Our first day in Quito was more exhausting and disorienting than we expected. We didn’t end up seeing any of the museums or churches we had planned on seeing. By the time we took the crowded trolley (the “trolebus”) to a mall to buy a temporary cell phone, had walked part of the way back because the street was too torn up for buses or cars (a sea of uniformed students, just let out of school, coming in the opposite direction), encountered a big fiesta in the Plaza Grande with a live cumbia band (the government had given the party in honor of Ecuador’s getting accepted to play in the world cup, but by now they’d already lost their first game and were out of the running), and had a meal at a little local place, we were exhausted and ready to come back to the hotel for an afternoon siesta.
Part of our exhaustion was due to the high altitude. When we walked up a hill in Quito (which was often, because the entire city is hilly) I felt like I was fifty pounds heavier than I am.

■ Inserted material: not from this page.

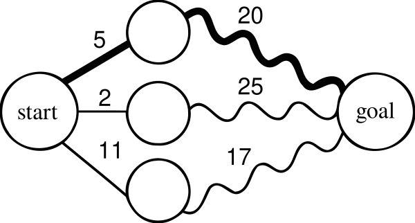 - Алгоритм Беллмана — Форда: найти кратчайший путь во взвешенном графе между двумя заданными вершинами.

Awakening in the evening, we felt refreshed, and treated ourselves to dinner at a nearby restaurant which was recommended by Jonni, the night clerk. It did turn out to be the most expensive restaurant of our entire trip, but it was an enchanting experience. From our roof-top table, we dined on typical Ecuadorian dishes as interpreted by a top chef, serenaded by tasteful versions of Ecuadorian folk-music sung and played by two older gentlemen on a harp and a guitar. All around us were panoramic views of the city lights on the hills surrounding Quito.
Kathy with guidebooks, as we plan out the rest of our trip
By the second day, we both had begun to feel that it was high time we planned out the rest of our trip. We found a “real coffee house” close to our hotel, where we could retreat into a quiet, familiar atmosphere and drink excellent cappuchinos (All of the little local restaurants seemed to serve Nescafé). There was a room in back with a view of a peaceful courtyard. There we sat and spent a couple of hours, nursing our cappuchinos and planning out the rest of our trip, tossing different ideas back and forth, our guidebooks and notebooks spread out on the table.
After our long first day, during which we were constantly inundated by all of the unaccustomed sights, sounds, and mannerisms of a foreign culture, we realized that we wanted to simplify our original plans. We would reduce the number of side trips we’d thought we might attempt. We did both definitely want to visit at least one city on the coast, because the tropical flora, fauna and way of life there was said to be so different. We decided to stay at least one night in one of the smaller towns on the “Avenue of the Volcanoes” (the highway that runs down the high mountain spine of Ecuador), so that we could see what life in a small-town mountain town was like. Lastly, we wanted to visit the town of Otavalo, north of Quito, to see the world-famous market that is held there every Saturday.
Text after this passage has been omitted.